Geometry-Based Person Re-Identification in Fisheye Stereo

Team: Joshua Bone, Mertcan Cokbas, Ozan Tezcan, Janusz Konrad, Prakash Ishwar
Funding: Advanced Research Projects Agency – Energy (ARPA-E)
Status: Completed (2020-2022)

Background: In order to count the number of people in a very large space, multiple overhead fisheye cameras are needed. However, detecting people in each camera’s field of view (FOV) and adding the counts is likely to lead to overcounting since a person may visible in FOV of several cameras. In order to obtain an accurate occupancy estimate, person re-identification (PRID) is needed so only unique counts are considered.

Summary: The type of PRID needed to accurately count people from multiple overhead fisheye cameras is different from the typical PRID studied to date. In the case considered here, a person can appear at most once in each camera’s FOV (the person may be occluded and not appear at all). In order to detect if a person is visible in FOV’s of two cameras, we treat all detections (identities) in one FOV as the query set and those in the other FOV as the gallery set. Therefore, for each query identity at most a single match can be found in the gallery set (or no match at all if occlusion takes place). However, in a typical PRID studied to-date for side-mounted rectilinear cameras, there may be multiple occurrences of a query identity in the gallery set. Furthermore, rectilinear-camera PRID relies on the appearance of people to perform matching.
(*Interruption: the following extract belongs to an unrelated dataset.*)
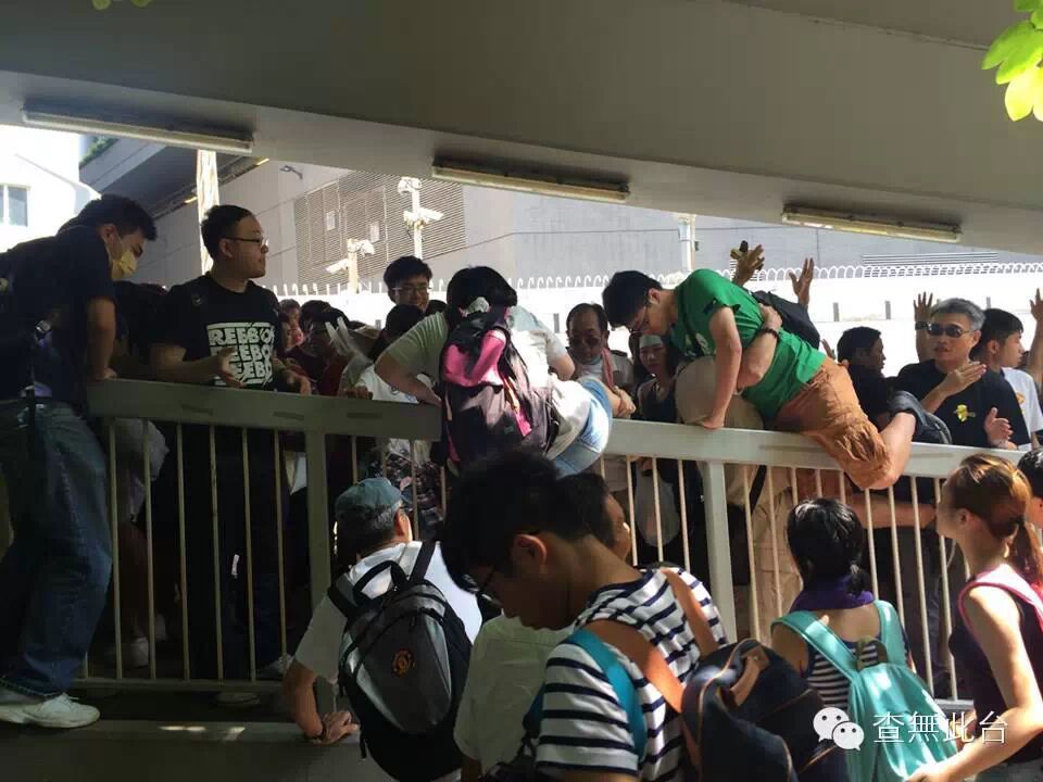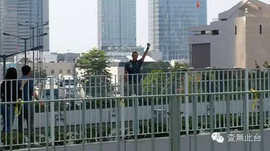 15:08 海富中心天桥往政总天桥,一男子爬上桥边花槽抗议。谈判专家到场,劝谕该男子“返落嚟”。消防在桥下充好气垫,占用一条车道。

This is often unreliable in large spaces monitored by overhead fisheye cameras since the view angle and size of a person dramatically differ resulting in very different appearances and bounding-box resolutions between cameras. Therefore, in this paper we propose to use person’s location in each FOV to perform a match (since only one person can occupy a 3-D location in a room).

Technical Approach: The main idea is that a person visible in two FOVs is uniquely located in the FOV of one camera given their height and location in the other FOV. We developed a height-dependent mathematical relationship between these locations
using the unified spherical model for omnidirectional cameras. We also proposed a new fisheye-camera calibration method and a novel automated approach to calibration data collection. Finally, we proposed four re-identification algorithms that leverage geometric constraints and demonstrate their re-identification accuracy, which vastly exceeds that of a state-of-the-art appearance-based method, on a fisheye-camera dataset we collected.

Experimental Results: The table below shows the accuracy (measured by the Query Matching Score or QMS – see the paper below for definition) for 4 geometry-based PRID algorithms and a state-of-the-art appearance-based algorithm.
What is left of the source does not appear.